## Task statement
Transcribe the entries below exactly, starting with the line that has "3、资源管理:提供丰富的资源" and stopping after the line that has "دللي بشرتك مع"; no pictures belong in the copy.

## Source information
====

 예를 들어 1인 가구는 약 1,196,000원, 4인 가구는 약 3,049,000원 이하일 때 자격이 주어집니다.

====

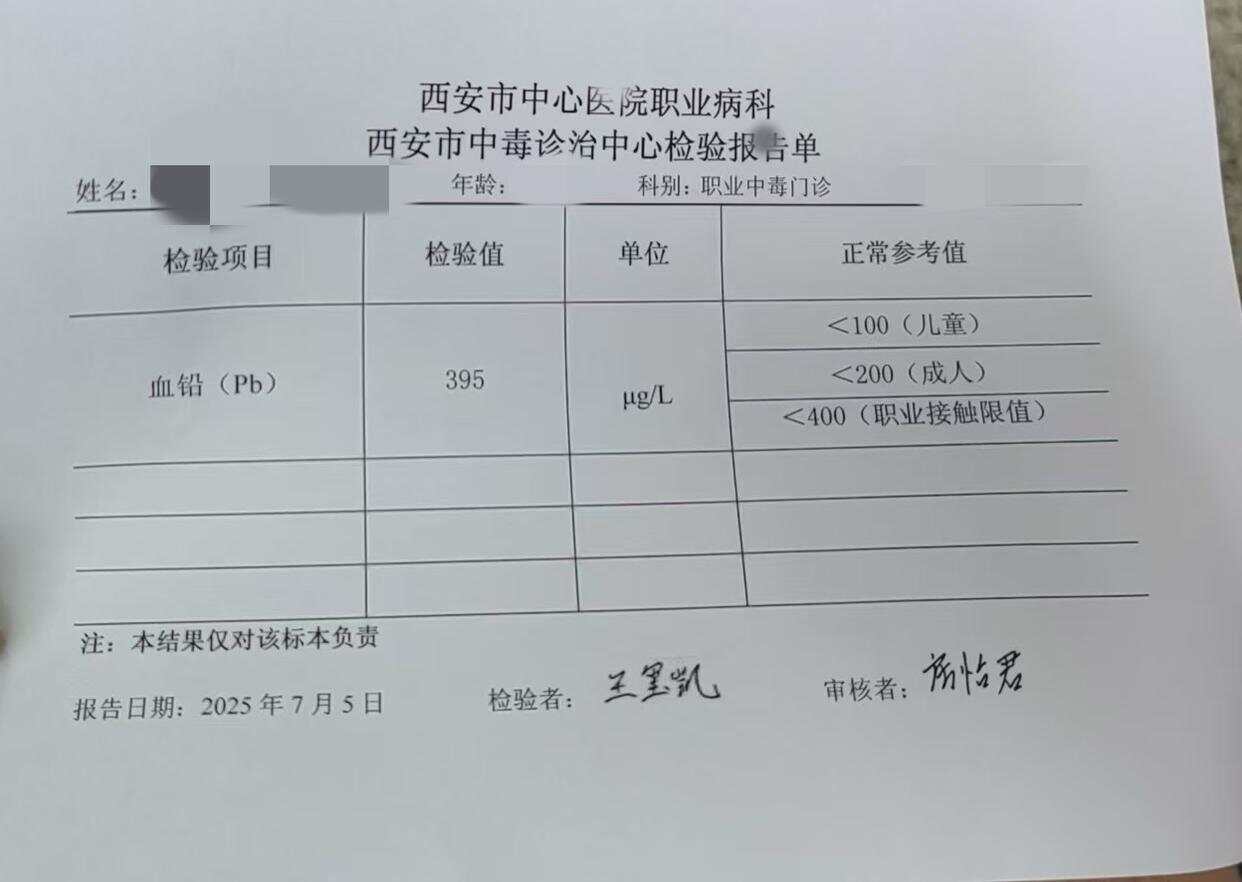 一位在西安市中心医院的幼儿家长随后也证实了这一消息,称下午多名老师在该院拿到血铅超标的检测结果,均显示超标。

====

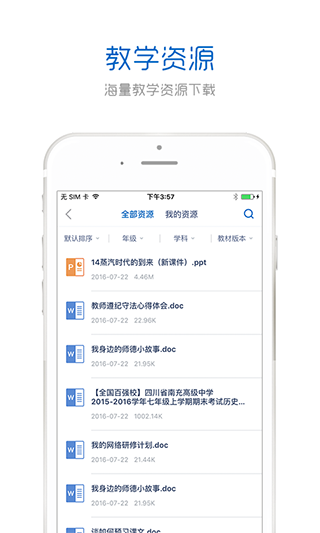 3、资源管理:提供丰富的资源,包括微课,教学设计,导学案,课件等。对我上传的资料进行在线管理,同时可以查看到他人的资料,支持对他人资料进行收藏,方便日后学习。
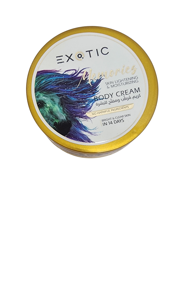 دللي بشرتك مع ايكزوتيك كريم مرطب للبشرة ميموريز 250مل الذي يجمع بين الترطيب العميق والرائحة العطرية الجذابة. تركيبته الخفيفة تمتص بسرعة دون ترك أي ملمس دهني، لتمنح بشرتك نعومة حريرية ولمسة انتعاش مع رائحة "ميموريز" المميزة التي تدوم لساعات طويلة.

====

## Your solution
 3、资源管理:提供丰富的资源,包括微课,教学设计,导学案,课件等。对我上传的资料进行在线管理,同时可以查看到他人的资料,支持对他人资料进行收藏,方便日后学习。
 دللي بشرتك مع ايكزوتيك كريم مرطب للبشرة ميموريز 250مل الذي يجمع بين الترطيب العميق والرائحة العطرية الجذابة. تركيبته الخفيفة تمتص بسرعة دون ترك أي ملمس دهني، لتمنح بشرتك نعومة حريرية ولمسة انتعاش مع رائحة "ميموريز" المميزة التي تدوم لساعات طويلة.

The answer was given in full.